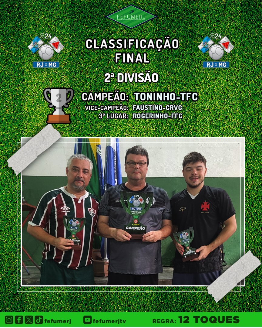 Toninho-MG (Tupi FC) é Campeão 🏆 da 2a Divisão da 1a edição do RJxMG Individual, com o vice campeonato 🥈 ficou Faustinho-RJ (CR Vasco da Gama) e em 3o lugar 🥉 ficou Rogerinho-RJ (Fluminense FC).
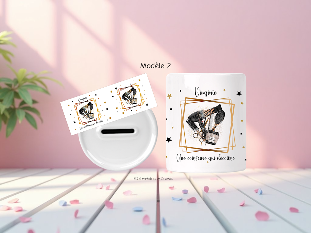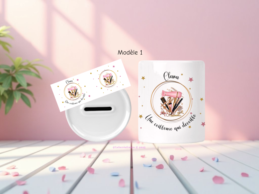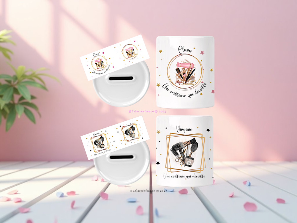 Cette tirelire personnalisée est la touche parfaite pour votre comptoir de salon : fun, décorative et impossible à rater.
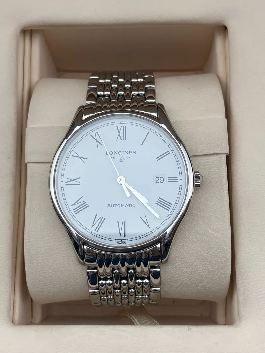 ?:6100元、浪琴律雅系列L4.960.4.11.6、男士自动机械腕表、表径:38.5mm、材质:精钢/钢带、白色盘面、罗马数字刻度、日期显示、单表98新成色、原价11300元
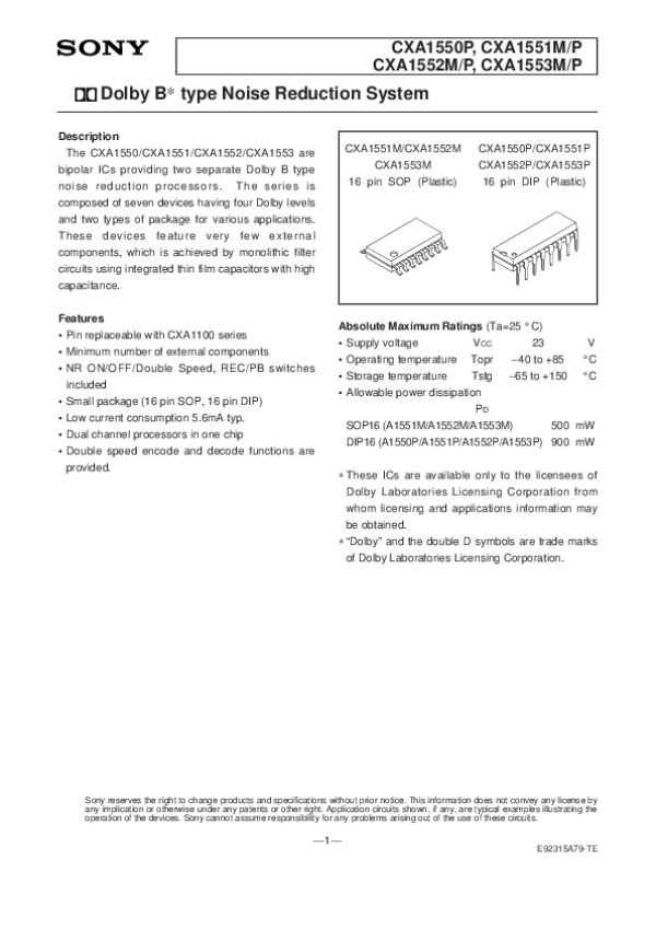 Просмотр технического описания на CXA155250
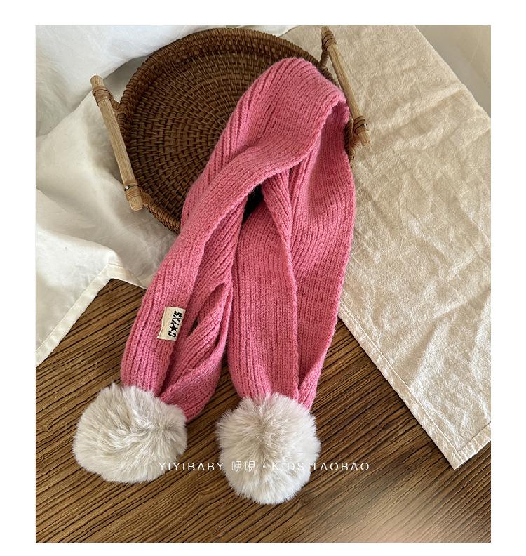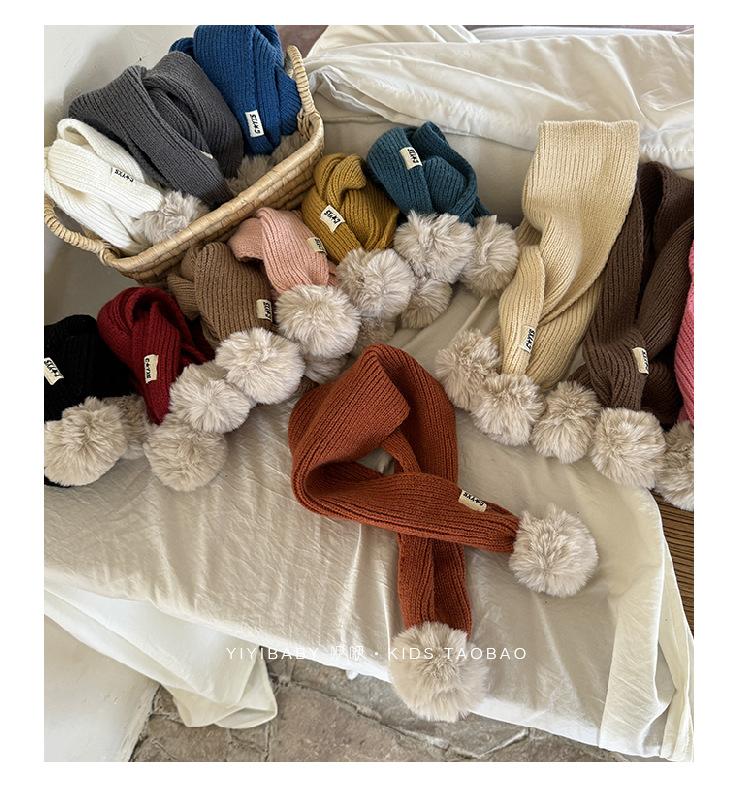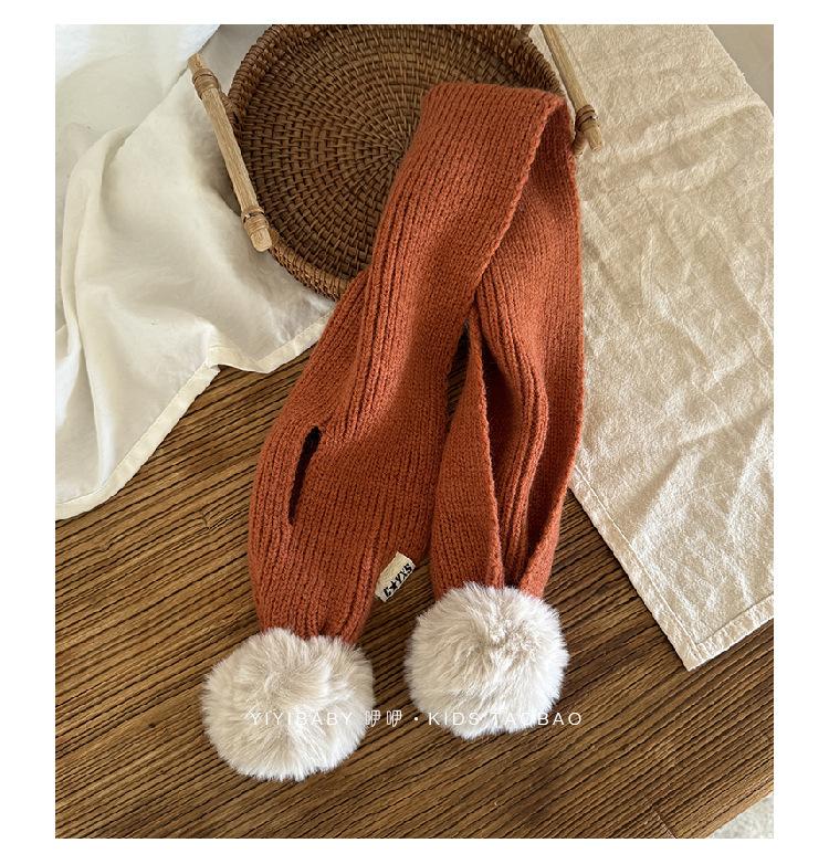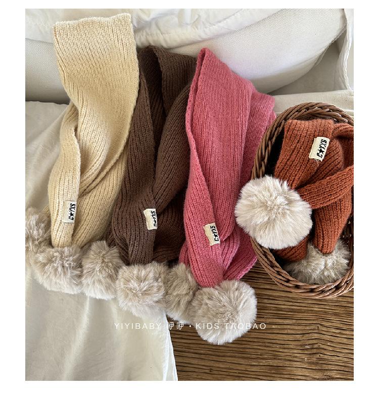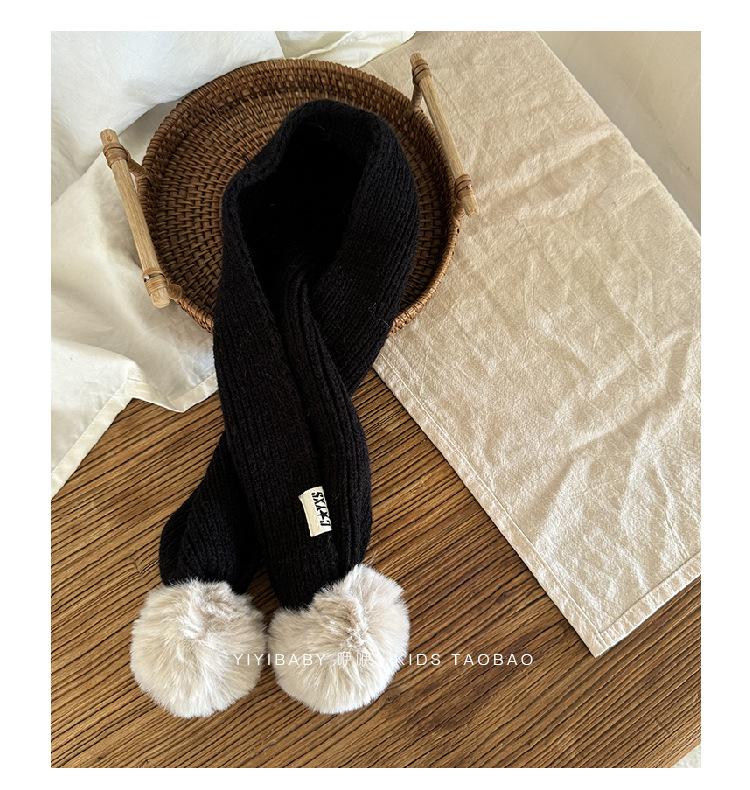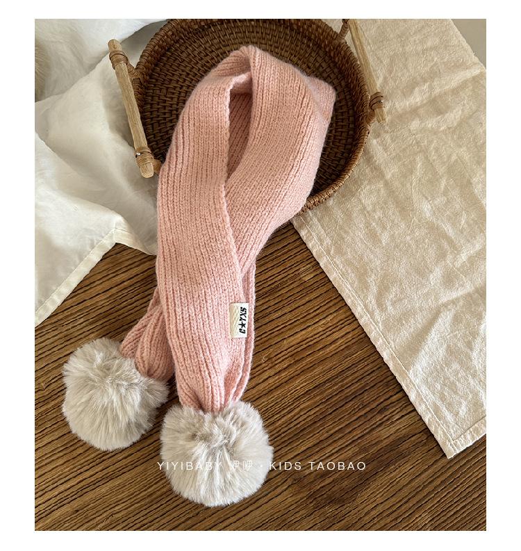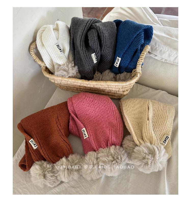 Bufanda cruzada para niños, otoño e invierno, nuevo estilo, para niños y niñas, resistente al viento, de punto, gruesa, cálida, con bola de pelo para bebés.
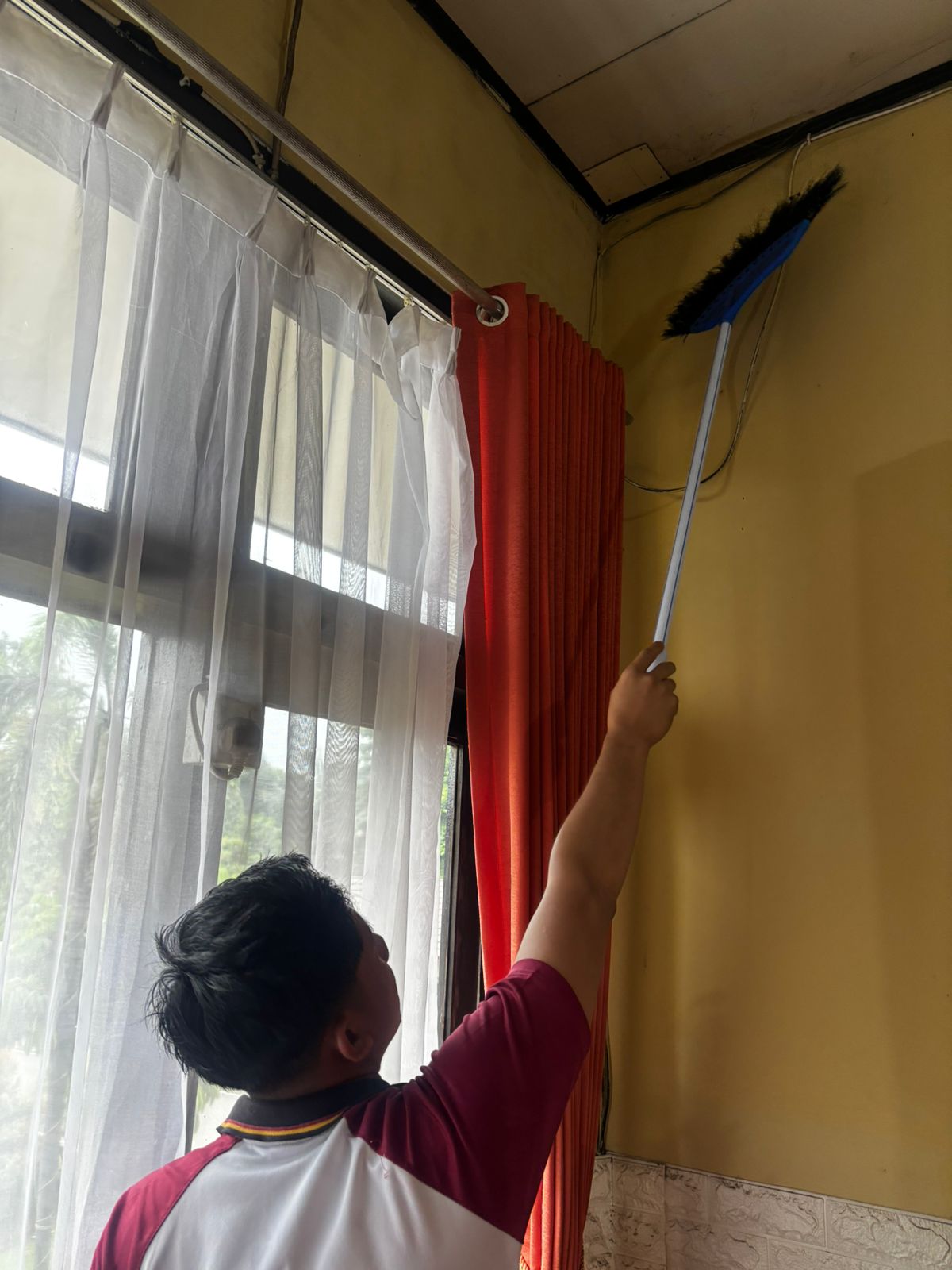 bersih-bersih ruangan dalam rangka mendukung Program Prioritas kapolda Banten
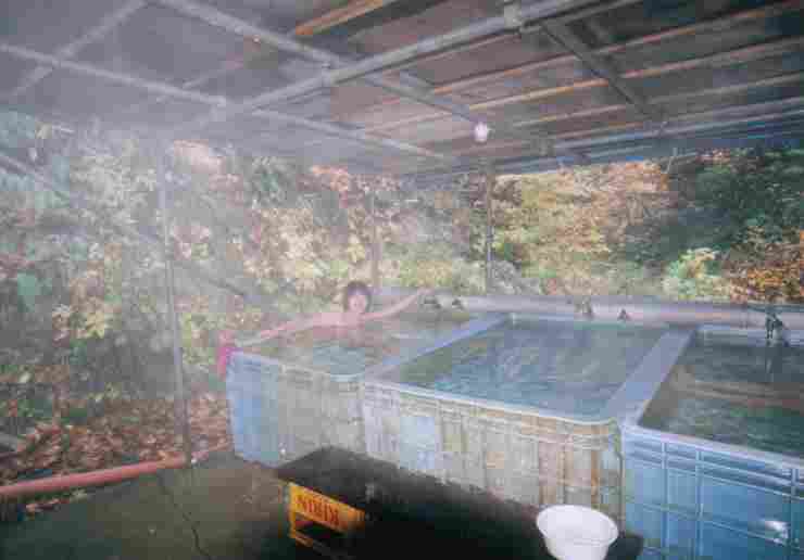 ●丸太沢の湯 新潟県北魚沼郡湯之谷村 今年で撤去との噂があり、 ヤバイ!と感じ冬季閉鎖前に大慌てで駆け込みました。 -仮設風の湯小屋 -ポリのコンテナが3個(女湯は2個) バンバン源泉が注ぎ込まれています。43〜40℃ 雰囲気・紅葉とええです。
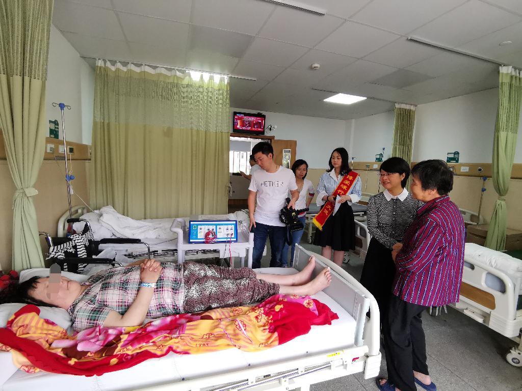 5月22日,嵊州市红十字会和电视台“帮忙三人行”栏目组一行专程去看望了爱心妈妈方雅云一家3人。
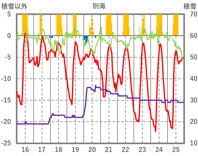 | 日 | 時 | 気温 | 降水 | 風向/風速 | 日照 | 積雪 | 降雪 |
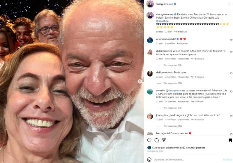 Procurada pela coluna, a EBC disse que a contratação ocorreu em conformidade com o previsto na Lei das Estatais e no Regulamento Interno de Licitações e Contratos. Na eleição de 2022, Cissa Guimarães foi uma das artistas a gravar um jingle para a campanha do então candidato Lula à Presidência.
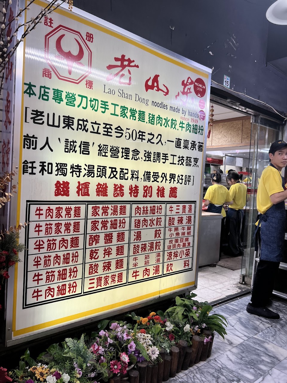 就牛肉的口感而言 真的是台北市最好吃的牛肉麵 牛肉帶筋軟嫩而不爛 牛肉湯滋味亦有厚度 加上酸菜辣牛油 還有口感十足的家常麪 果然是必比登名店 從民國六十年代 在國賓戲院後門巷內吃到現在 猶記得老板跑堂間的行話 大小加不辣 如今五十年後再回味 仍令人感動 服務 內用 餐點類型 晚餐 平均每人消費金額 $1-200 建議的餐點 紅燒 牛肉 麵
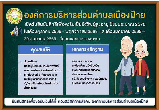 ประชาสัมพันธ์การยืนยันสิทธิเพื่อขอรับเงินเบี้ยยังชีพผู้สูงอายุ ประจำปีงบประมาณ 2570
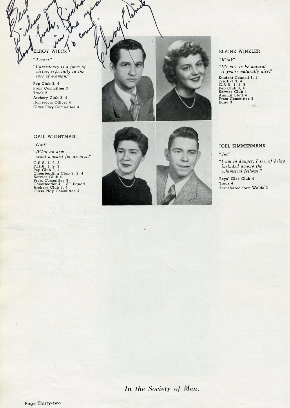 1954 Plymouth High School Yearbook Page 32: Elroy Wieck, Gail Wightman, Elaine Winkler, Joel Zimmermann.
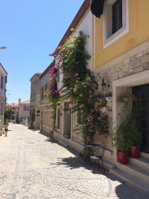 Casas de piedra con ventanas coloridas bordean las calles estrechas de Alaçatı, mientras los molinos tradicionales se alzan sobre el paisaje mediterráneo.
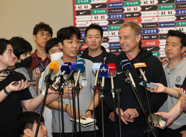 9월 A매치에서 데뷔승을 올린 위르겐 클린스만 한국 남자축구 국가대표팀 감독이 14일 오후 인천공항 제2터미널에서 취재진의 질문에 답하고 있다. 사진=대한축구협회9월 A매치에서 데뷔 승을 올린 위르겐 클린스만 한국 남자축구 국가대표팀 감독이 14일 오후 인천공항 제2터미널에서 취재진의 질문에 답하고 있다. 연합뉴스
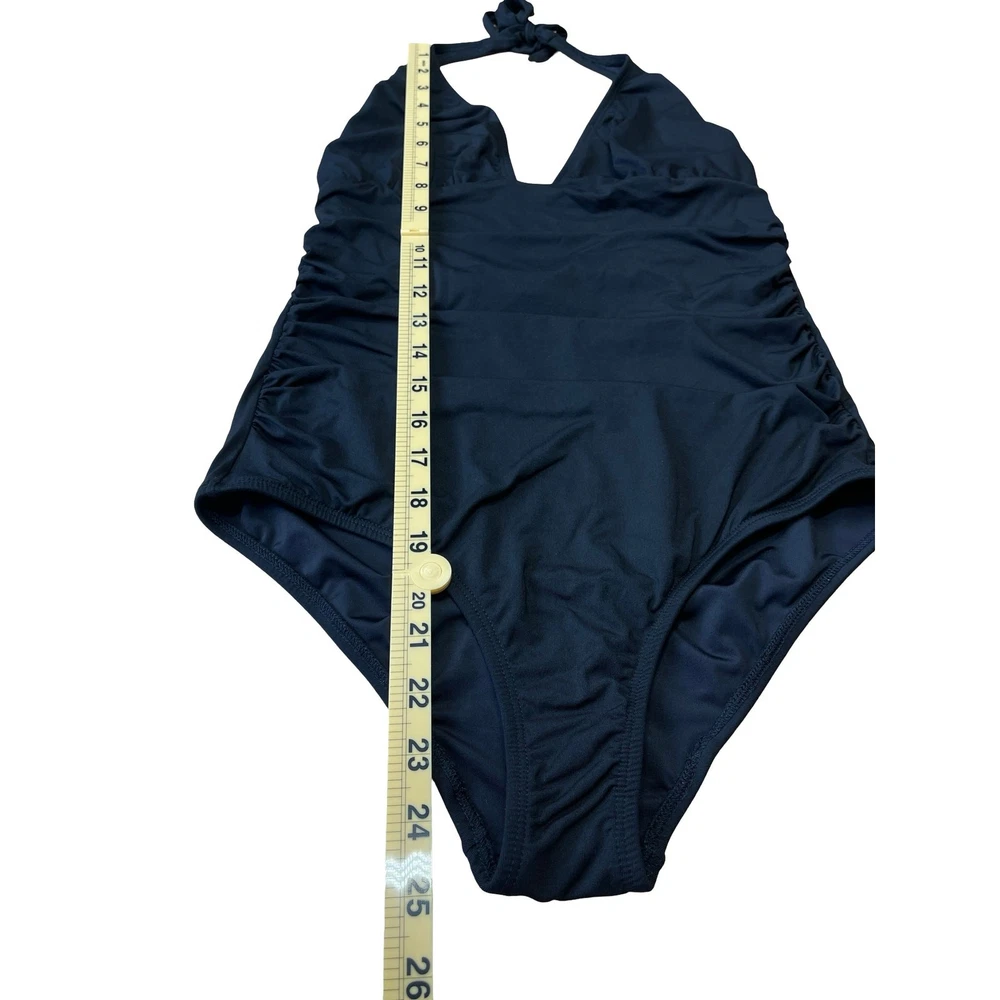 - Brand: Shoshanna Swimwear - Size: 6 - Color: Black - Style # 18SB7218 - Material: Face: 86% Nylon, 14% Spandex; Lining: 95% Polyester, 5% Spandex - Condition: Gently used, no visible flaws. Please refer to photos for measurements and full detail. Features: - Halter neckline with adjustable tie closure - Subtle ruching for a flattering fit - Full coverage with lined interior - Made in the USA with imported and domestic fabric * Shoshanna swimsuit, ruched one-piece, slimming swimwear, classic black swimsuit, halter swim, resortwear, beachwear, poolside chic, elegant swimwear, vacation essentials, modest swimsuit, timeless design, cruise fashion, tummy control, preppy swim Note: A listing image may be AI-generated to show the style. See original photos for the actual item being sold. # Xx
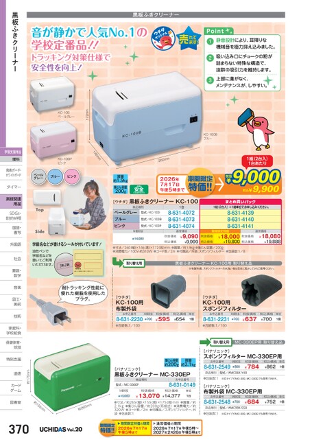 ¥14,000税抜価格税込価格期間限定特価¥9,090¥9,999税抜価格税込価格¥18,000税抜価格¥19,800税込価格通常価格¥18,080¥19,888●寸法/260幅)×146(奥)×172(高)mm●質量/約1.9kg●集じん容量/200g●消費電力/100V-約310W●コード長/2m●付属品/外袋、スポンジフィルター●包装数:1/8取り替え用黒板ふきクリーナーKC-100用取り替え品※布製外袋、スポンジフィルターの水洗い後は完全に乾かしてからご使用ください。[ウチダ]KC-100用布製外袋お申込番号8-631-2230M価税抜¥700税抜価格¥595税込価格¥654単位1個[ウチダ]KC-100用スポンジフィルターお申込番号8-631-2231M価税抜¥750税抜価格¥637税込価格¥700単位1個●包装数:1/100●包装数:1/100取り替え用MC-330EP用取り替え品[パナソニック]スポンジフィルターMC-330EP用お申込番号8-631-2549M価税抜¥800税抜価格¥784税込価格¥862単位1個商品種別型式/AMC06K-Y40●包装数:1※旧タイプのMC-300、MC-330Eでも使用できます。[パナソニック]布製外袋MC-330EP用お申込番号8-631-2548M価税抜¥700税抜価格¥684税込価格¥752単位1個商品種別型式/AMC99K-550●包装数:1※旧タイプのMC-300、MC-330Eでも使用できます。集じん容量約200g質量約2.1kg[パナソニック]黒板ふきクリーナーMC-330EP商品種別型式/MC-330EPお申込番号8-631-0149M価税抜¥15,000税抜価格¥13,070税込価格¥14,377単位1台●寸法/約265(幅)×155(奥)×175(高)mm●質量/約2.1kg●集じん容量/約200g(布袋式)●消費電力/約320W●コード長/2m●付属品/スポンジフィルター、外袋●包装数:1通常価格の期間2026年7月17日午後5時〜2027年2月26日午後5時期間限定特価の期間2026年7月17日午後5時[ウチダ]黒板ふきクリーナーKC-100商品種別ペールグレーブルーピンク型式/KC-100型式/KC-100B型式/KC-100PM価税抜1台8-631-40728-631-40738-631-4074通常価格まとめ買いパックまめパッ1組(2台入)※1組単位申込。8-631-41398-631-41408-631-4141Point123静音設計により、耳障りな機械音を極力抑え込みました。吸い込み口にチョークの粉が詰まらない特殊な構造で、抜群の吸引力を維持します。上部に溝がなく、メンテナンスが、しやすい。KC-100Bブルー1組(2台入)1台あたり¥9,000税抜9,900税込¥黒板ふきクリーナー音が静かで人気No.1の学校定番品!!トラッキング対策仕様で安全性を向上!mm0622026年7月17日午後5時質量約1.9kg集じん容量200gmm146KC-100Pピンクペールグレーブルーピンク172mmKC-100ペールグレーTopSide学級名などが書けるシールが付いています!油性ペンで学級名などを書いてご利用いただけます。耐トラッキング性能に優れた樹脂を使用したプラグ。Vol.20mm562約約155mm約175mm道徳道徳カードカゲーム図書室図書室黒板ふきクリーナー学習支援用品理科発表ボード・発表ボード・ホワイトボードタイマータイマー黒板関連用品SDGs・SDG総合的な学習国語・国語書写書写外国語外国語社会社会算数・算数数学数学音楽音楽図工・図工美術美術技術技術家庭科・家庭科・学校給食学校給食保健体育・球技球技特別支援特別支

┄┄┄┄┄┄┄┄┄┄

Those lines of the records above that run from the one containing "bersih-bersih ruangan dalam" through the one containing "9월 A매치에서 데뷔승을" should be returned exactly, with no pictures among them.

| Solution for this task |
 bersih-bersih ruangan dalam rangka mendukung Program Prioritas kapolda Banten
 ●丸太沢の湯 新潟県北魚沼郡湯之谷村 今年で撤去との噂があり、 ヤバイ!と感じ冬季閉鎖前に大慌てで駆け込みました。 -仮設風の湯小屋 -ポリのコンテナが3個(女湯は2個) バンバン源泉が注ぎ込まれています。43〜40℃ 雰囲気・紅葉とええです。
 5月22日,嵊州市红十字会和电视台“帮忙三人行”栏目组一行专程去看望了爱心妈妈方雅云一家3人。
 | 日 | 時 | 気温 | 降水 | 風向/風速 | 日照 | 積雪 | 降雪 |
 Procurada pela coluna, a EBC disse que a contratação ocorreu em conformidade com o previsto na Lei das Estatais e no Regulamento Interno de Licitações e Contratos. Na eleição de 2022, Cissa Guimarães foi uma das artistas a gravar um jingle para a campanha do então candidato Lula à Presidência.
 就牛肉的口感而言 真的是台北市最好吃的牛肉麵 牛肉帶筋軟嫩而不爛 牛肉湯滋味亦有厚度 加上酸菜辣牛油 還有口感十足的家常麪 果然是必比登名店 從民國六十年代 在國賓戲院後門巷內吃到現在 猶記得老板跑堂間的行話 大小加不辣 如今五十年後再回味 仍令人感動 服務 內用 餐點類型 晚餐 平均每人消費金額 $1-200 建議的餐點 紅燒 牛肉 麵
 ประชาสัมพันธ์การยืนยันสิทธิเพื่อขอรับเงินเบี้ยยังชีพผู้สูงอายุ ประจำปีงบประมาณ 2570
 1954 Plymouth High School Yearbook Page 32: Elroy Wieck, Gail Wightman, Elaine Winkler, Joel Zimmermann.
 Casas de piedra con ventanas coloridas bordean las calles estrechas de Alaçatı, mientras los molinos tradicionales se alzan sobre el paisaje mediterráneo.
 9월 A매치에서 데뷔승을 올린 위르겐 클린스만 한국 남자축구 국가대표팀 감독이 14일 오후 인천공항 제2터미널에서 취재진의 질문에 답하고 있다. 사진=대한축구협회9월 A매치에서 데뷔 승을 올린 위르겐 클린스만 한국 남자축구 국가대표팀 감독이 14일 오후 인천공항 제2터미널에서 취재진의 질문에 답하고 있다. 연합뉴스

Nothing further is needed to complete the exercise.